The author of several well-received volumes of poetry, Roche (pronounced "rawsh") taught over the years at colleges and universities throughout the United States, among them Smith College, the University of Notre Dame, Centenary College in New Jersey and Emory & Henry College in Virginia, where, his family said in a statement, "He used to wander stark naked through the woods carpeted with violets."
Roche's translations of Greek and Latin works, published in the Signet Classics series and by New American Library, have long been familiar to students in the United States and in Britain. He was also known for his three-decade-long relationship with the prominent English painter Duncan Grant, a founder of the charmed, unorthodox Bloomsbury circle.
Among the remarkable characters, Bloomsbury and otherwise, threading through Roche's life were these (the events described were confirmed by Roche's daughter and by many published accounts):
•Vanessa Bell, a painter and designer (and Virginia Woolf's sister) who married Clive Bell but also had a daughter with Grant. She was passionately jealous of Roche's friendship with Grant, though Roche, who was considered breathtakingly handsome, occasionally modeled for her. She died in 1961.
•Grant, whom Roche met in 1946 when they found themselves crossing a London street together. Before long, Roche was posing, clothed and unclothed, for Grant's paintings. Roche neglected to inform Grant that he was also an ordained Roman Catholic priest. After some time went by, he told Grant this. Grant was surprised. Roche eventually left the priesthood.

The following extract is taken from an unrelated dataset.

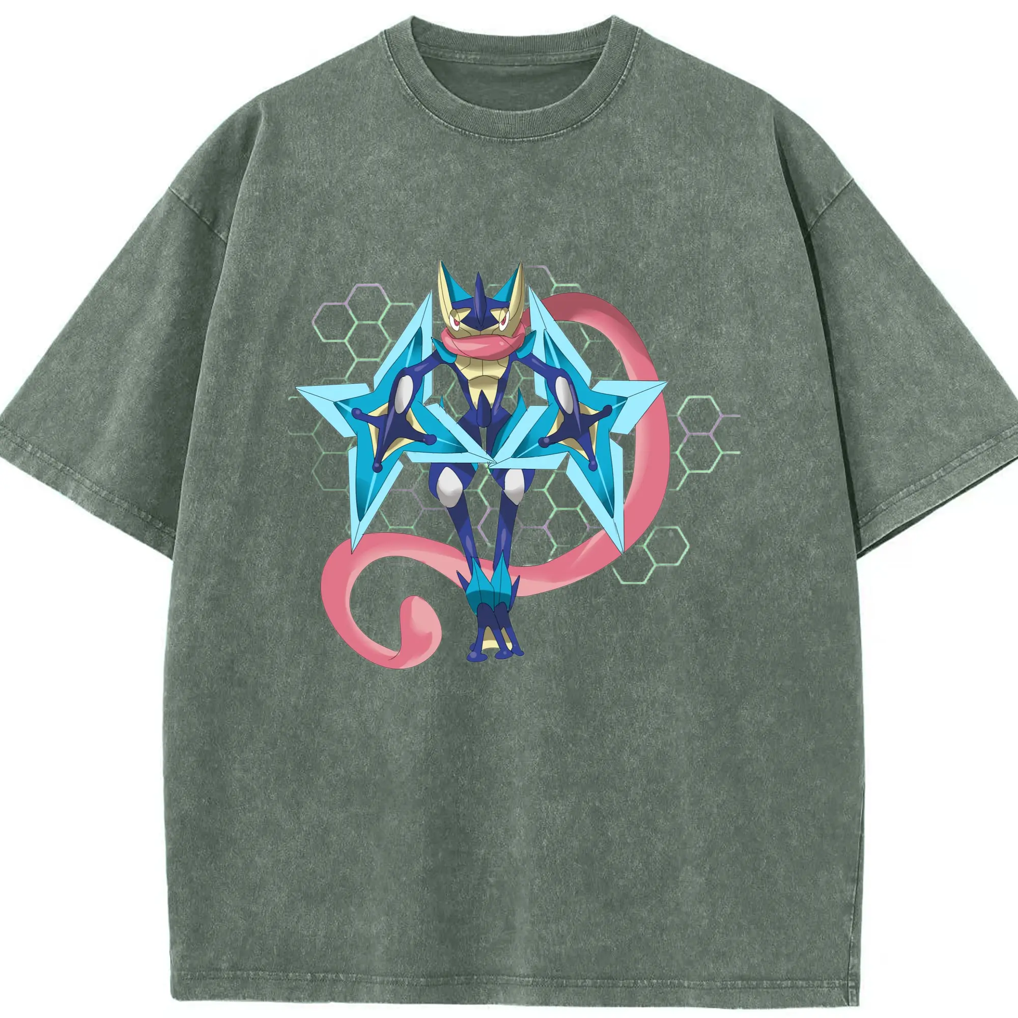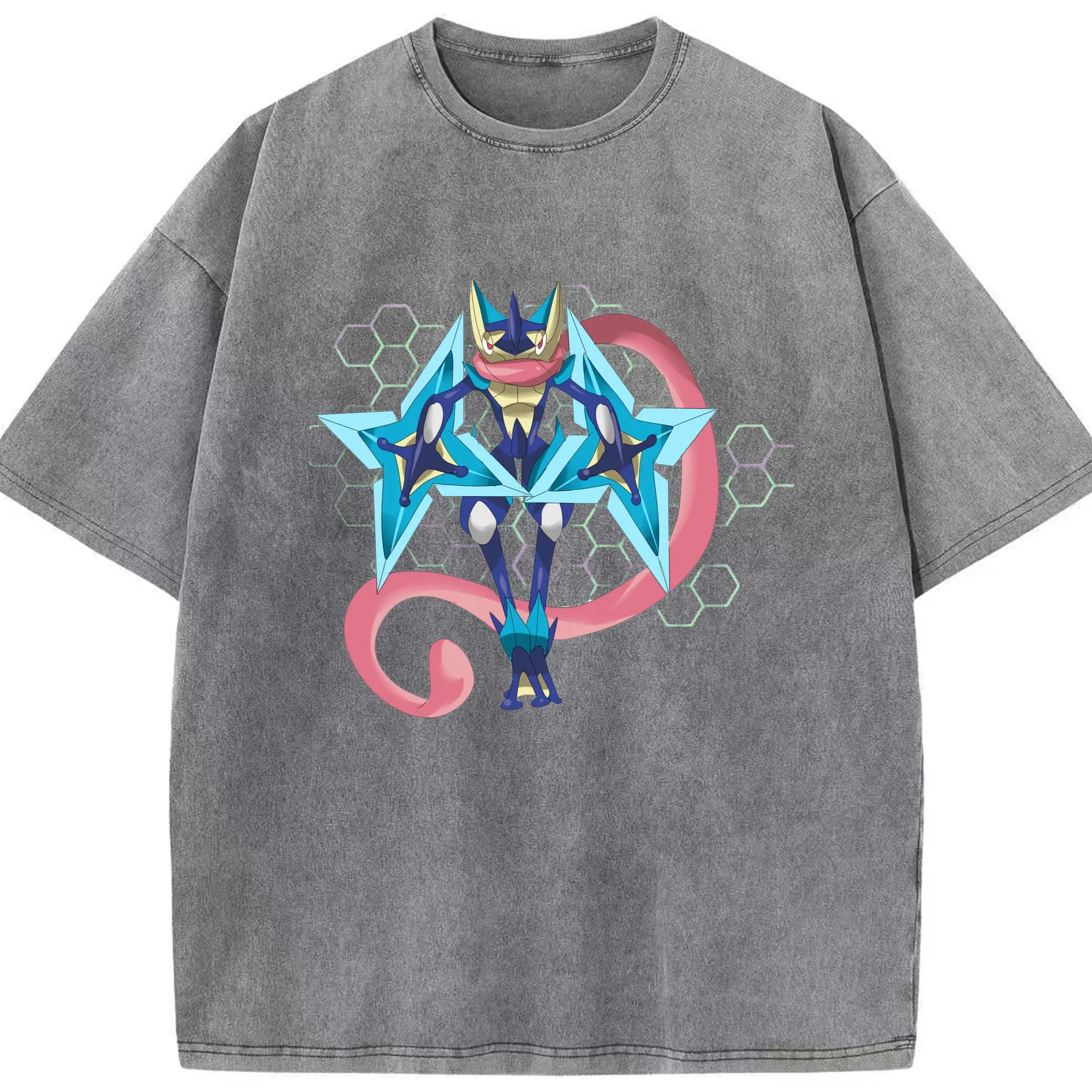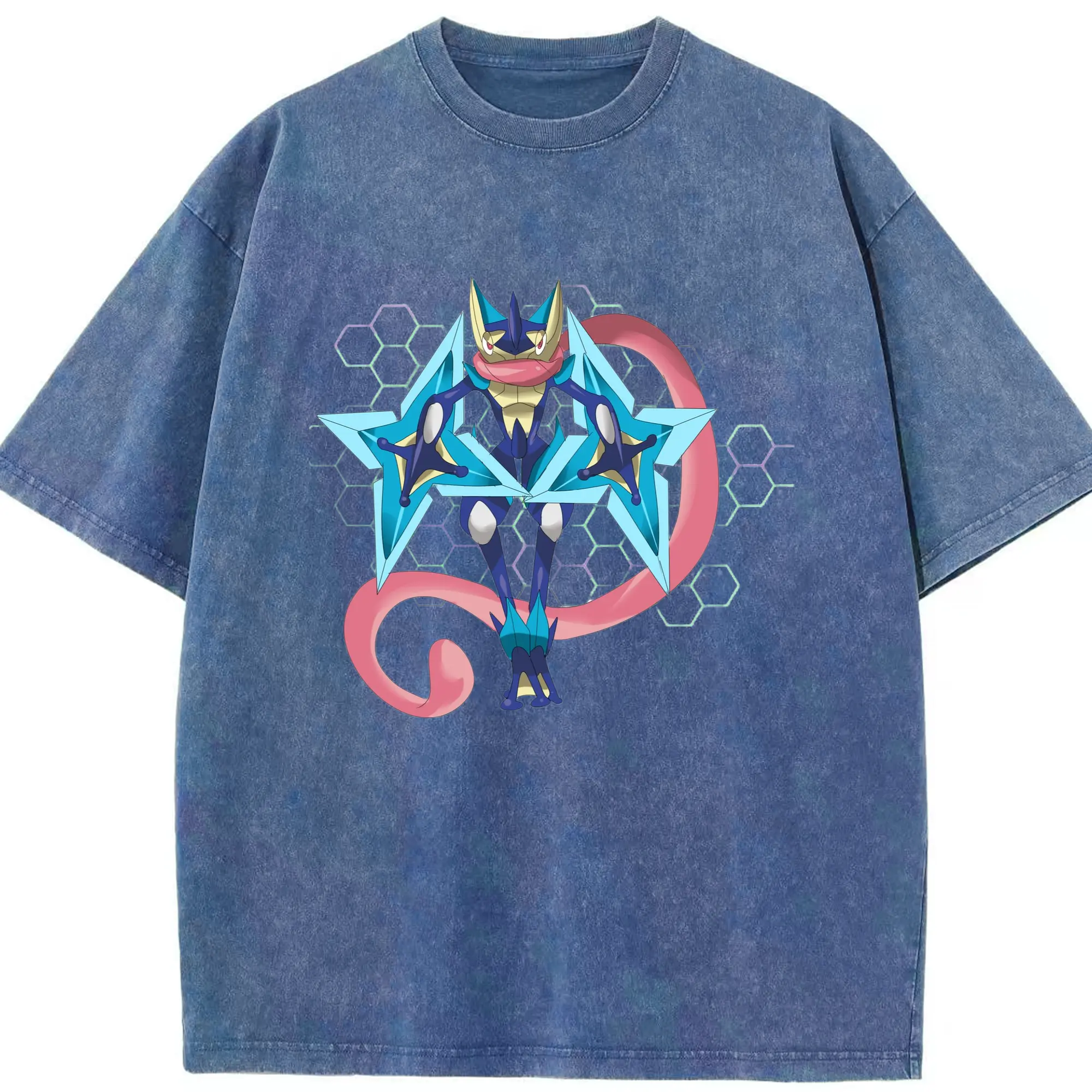 Men's Pokémon Greninja t-shirt - Washed Vintage Look 230g Cotton Oversized T-Shirt With Front Heat Transfer Print – Soft, Lightweight, Stylish Fit – Comfortable Casual Wear For Sports & Everyday Use

•Mary Blundell, a young English physicist who gave birth to Roche's oldest child in 1953 but later married someone else.
•Clarissa Tanner, a young American traveling in Europe who married Roche in 1954 and shortly afterward gave birth to their first child; they had three more children together. They divorced in 1983.
Sylvia Plath, Ted Hughes, Orson Welles and Christopher Plummer also make cameo appearances in his life.
Donald Robert Paul Roche was born in Mussoorie, a hill station in India, on Sept. 25, 1916.
His father, an engineer, designed bridges and stations for the Great India Peninsular Railways; his mother died of smallpox when Roche was 9.
Sent to England for schooling, Roche went on to earn degrees in philosophy and theology from the Pontifical Gregorian University in Rome. He was ordained in 1943, later becoming the assistant personal secretary to the Roman Catholic archbishop of Westminster.